By Mike Pflanz
SOMALILAND, Somalia, 10 January 2012 – Ali Abdullah stands at the front of the class asking students their ages, how long they take to walk to school, whether they are orphans, and whether any have learning or development needs.
Mr. Abdullah, headmaster at Koossar Primary School, is one of thousands of teachers conducting an unprecedented primary school census, helping produce the first comprehensive, government-led survey on the state of northern Somalia’s schools.
“Before, the Ministry of Education did not have this correct data about school facilities. It was just theoretical information, guesses really,” he said. “Now when you have the right information, you can show how many students there are, what items are lacking like text books or latrines, and the ministry can then go to the Ministry of Finance and donors and show what really is there and what is needed.”
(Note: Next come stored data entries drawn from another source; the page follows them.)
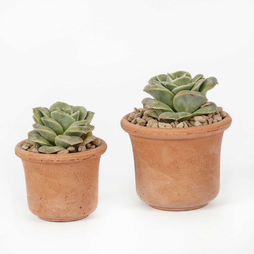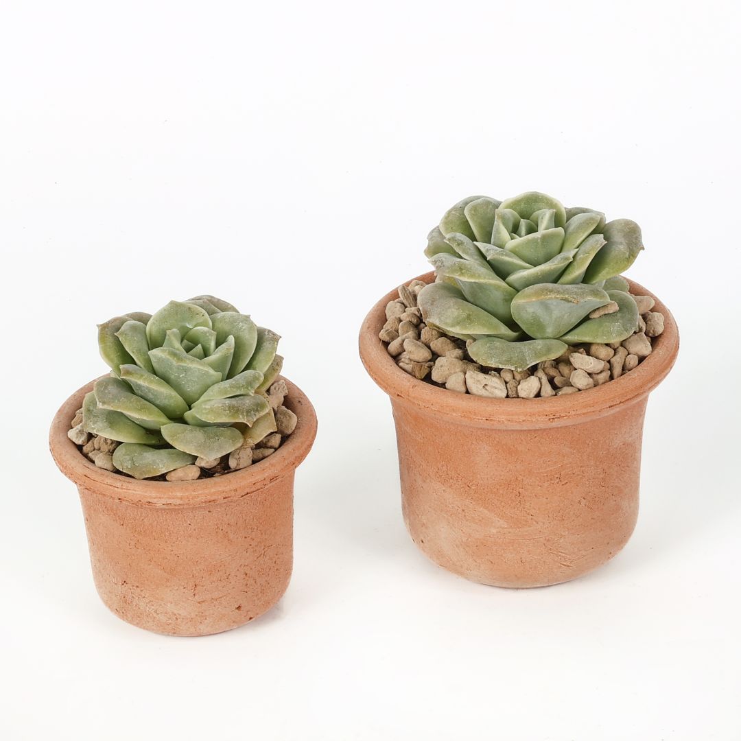 Vous recevrez deux pots en terre cuite de tailles différentes avec deux belles roses echeveria.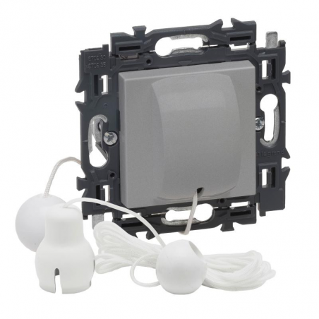 Marque: LegrandRéférence CME: LG741652EAN: 3414971277533Description: Valena Next poussoir à tirage 6A appareil complet alu à griffes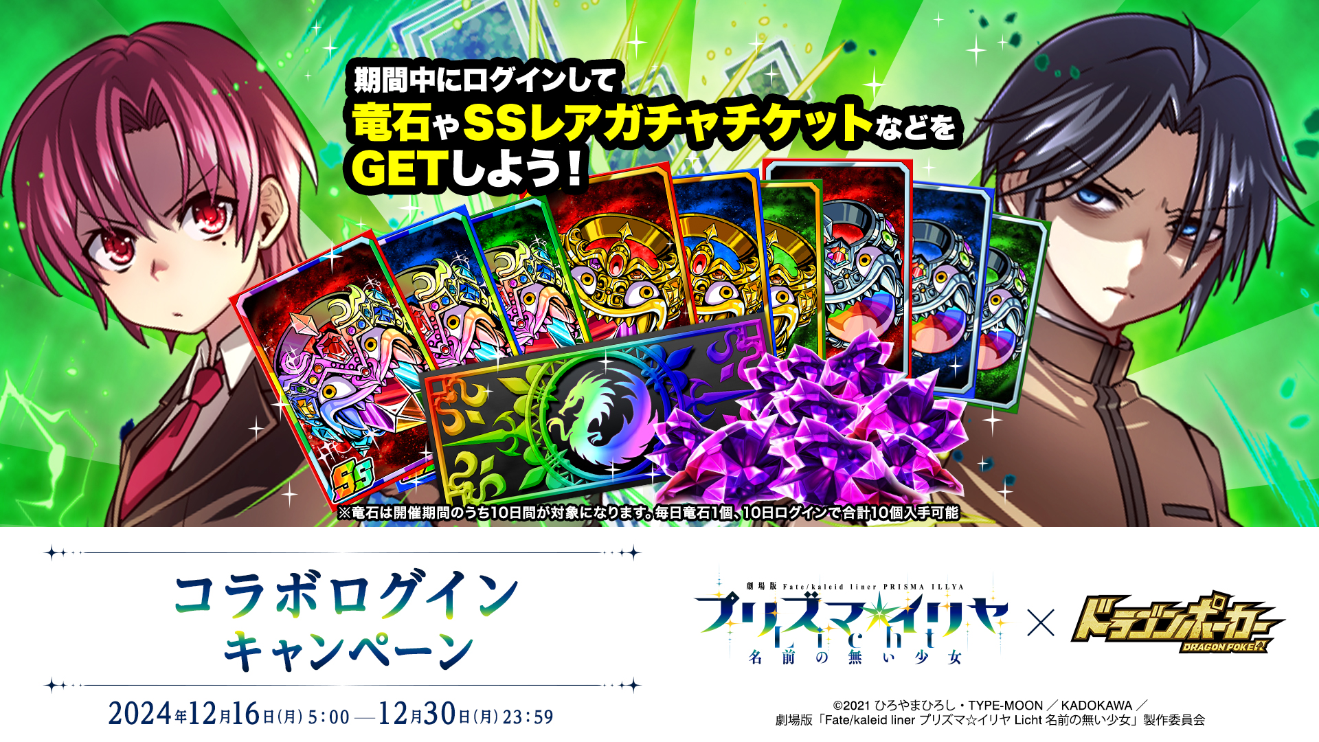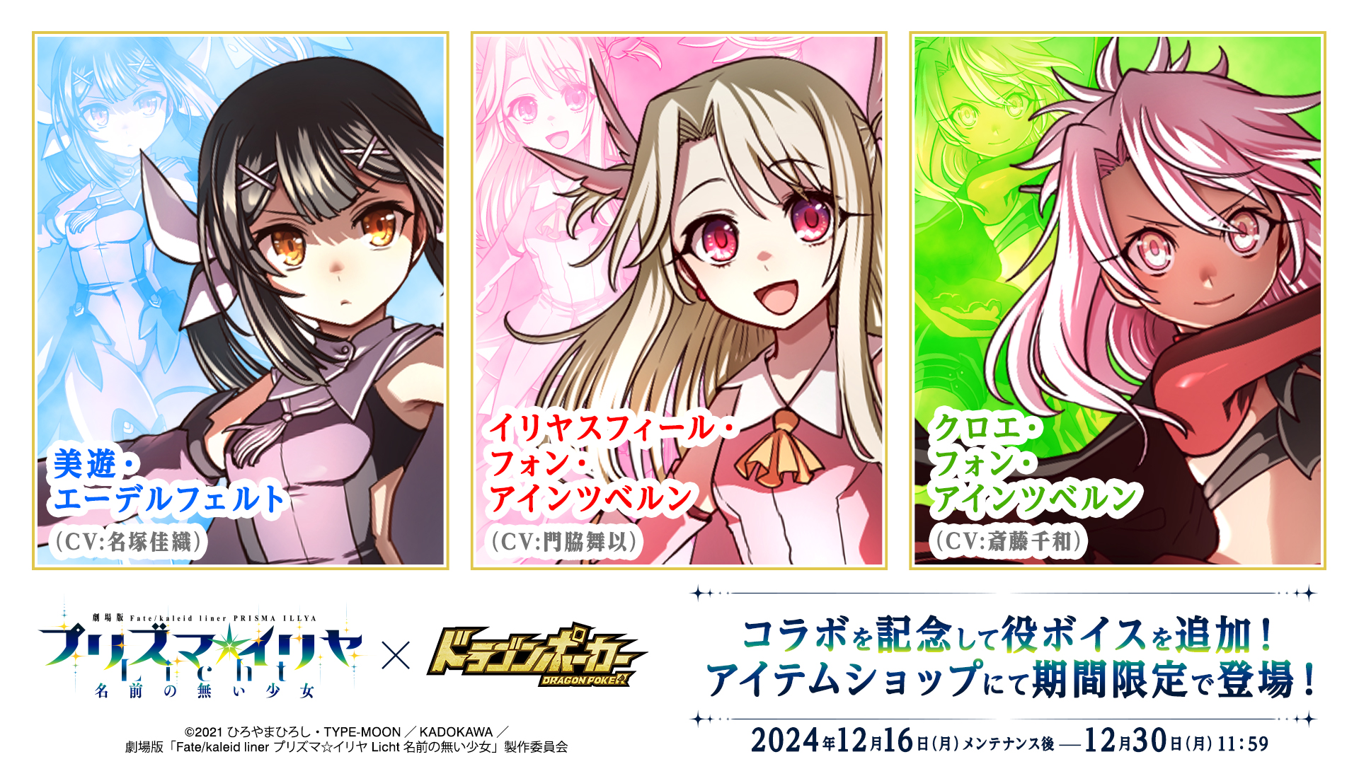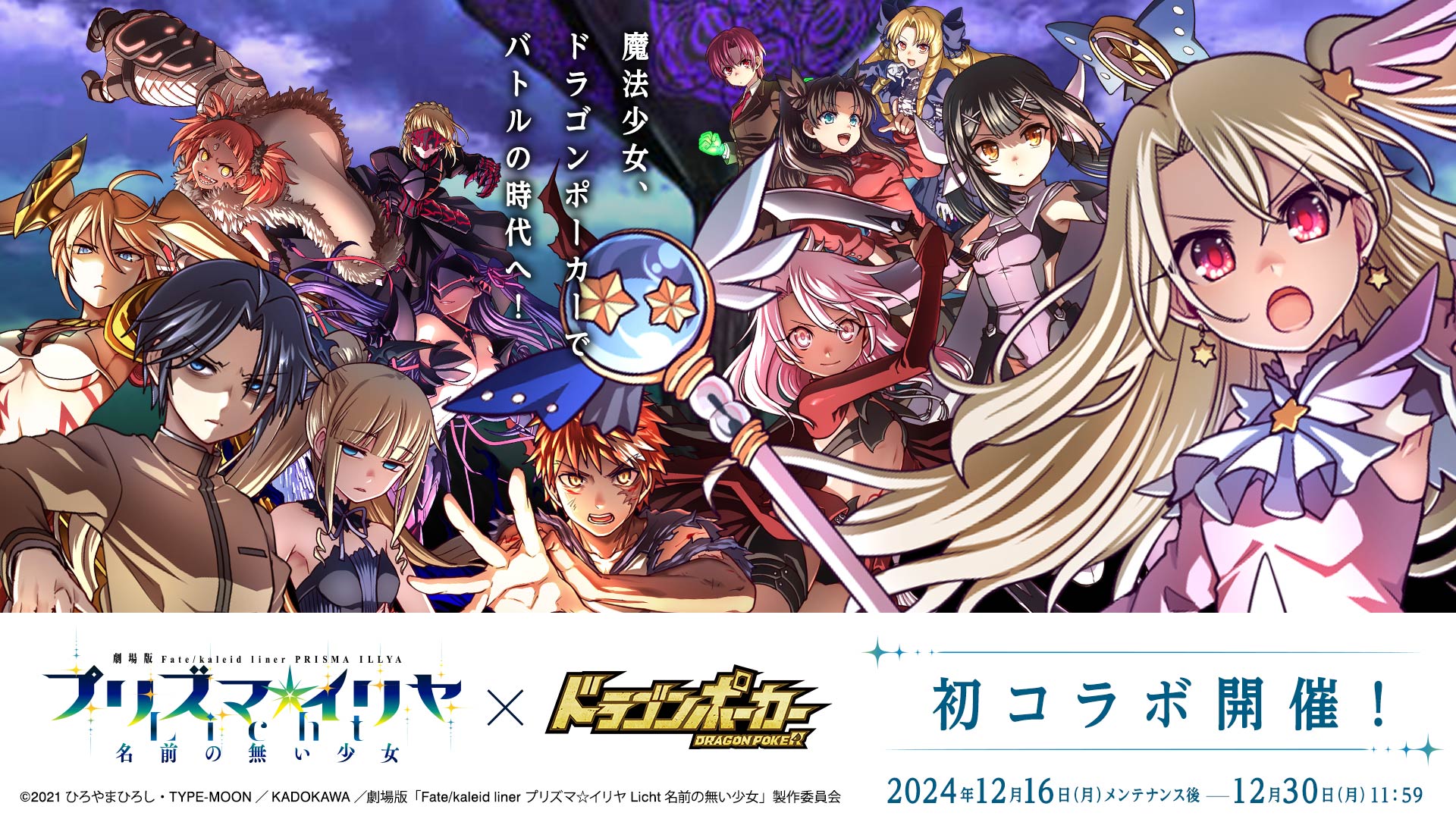 株式会社アソビズム(本社:東京都千代田区、代表取締役:大手智之)は、App Store・Google Playにて好評配信中のリアルタイム合体カードバトル『ドラゴンポーカー』で、2024年12月16日(月)より劇場版『Fate/kaleid liner プリズマ☆イリヤ Licht 名前の無い少女』とのコラボイベントを開催いたします。

The survey, to be repeated yearly, is part of a broad effort to rehabilitate and improve the country’s education system – from the inside out.
Years of civil war have left government agencies with few trained administrators. For the education ministries in semi-autonomous Somaliland and Puntland, this means school systems have been rudimentary, and improvements have been makeshift.
Many schools lack electricity, running water, text books and toilets, and do not have enough desks or chairs. Teachers’ training is limited, and their salaries are largely dependent on community contributions.
“These are very basic things that sound like they should be automatic, but in Somaliland, Puntland and South Central Somalia, they are not,” said Isabel Faria de Almeida, Head of Rural Development, Social Services and Infrastructure at the Delegation of the European Union in neighbouring Kenya.
“If the ministry doesn’t know how many teachers it has, how can they run a system? If they don’t know what financial resources they need, or how many school books they have to print, or how many pupils are attending schools, then they don’t know the needs,” she said.
Bringing experts back
To create lasting improvements, the European Union, UNICEF, the CfBT Education Trust and the Africa Education Trust have designed an innovative programme to increase capacity at the country’s education ministries. Central to the strategy is bringing professional Somalis living abroad back to their home country to work alongside senior education ministry staff, passing along their expertise.
Hassan Suleiman is one of 10 technical advisors to return to Somalia. He is supporting the Somaliland Ministry of Education and Higher Education through the Integrated Capacity Development for Somali Education Administrations (ICDSEA) programme. ICDSEA focuses on planning and policy, human resources, financial management, quality assurance, and gender equality.
“There has been a realization that the institutional capacity in terms of skills, knowledge, structure – all aspects – is not enough to deliver an adequate education system,” said Mr. Suleiman, who grew up in Britain after fleeing the Somali war. “We have relied on international consultants to produce nice policy documents, but they are just shoved on a shelf because the skills have not been there to implement them.”
Amina Osman, another technical advisor, grew up in Uganda. She working in Puntland, harmonizing the many different curricula used, and is working to ensure the consistency of end-of-term exams. Meanwhile, Abdirahman Mohamud, from Kenya, is running tests on a software package that will organize the data from the primary school census.
Each of the 10 advisors are shadowed by two trainees, Somalis hired from within Somalia who will become professional managers at the Ministry.
Once the security situation improves in the south, a similar scheme is planned for the education ministry in Mogadishu.
One morning at the Ministry of Education in Garowe, Puntland, Sahro Koshin stood before a crowd of officials to help launch a scholarship fund for girls. Ms. Koshin, who grew up in Holland, is working to increase girls’ school attendance.
“Teachers are not taught about gender issues,” she said. “In a typical class you will find girls on one side and boys on the other, and the teacher is always addressing the boys, showing in an unspoken language that the girls should keep quiet and the boys should answer.”
Turning around these ingrained prejudices will “take time”, she admits. But the situation will improve if gender equality factors into all aspects of education policy.
“We believe that supporting Somalia’s authorities to build their own systems, as well as develop their own policies and competent staff, is the only way to ensure that all Somali children will have the opportunity to access a quality education,” said UNICEF Representative in Somalia Sikander Khan. And girls are sure to benefit.
“One example of this is the girls’ scholarship fund that UNICEF has supported the Ministry of Education Gender Units to establish,” he continued. “In its first year, the fund will give over 450 deprived girls the means to attend school, and hopefully with additional support, will give hundreds more of Somalia’s most deprived girls the opportunity to go to school in future years.”
“Increasing the capacity of managers here, to plan everything for the future, that is the only way to make sure things do not remain the same,” said Abdulkadir Yusuf Nur, Acting Director General of Education for Puntland. “It will work, I know. Soon, we will be standing on our own two feet.”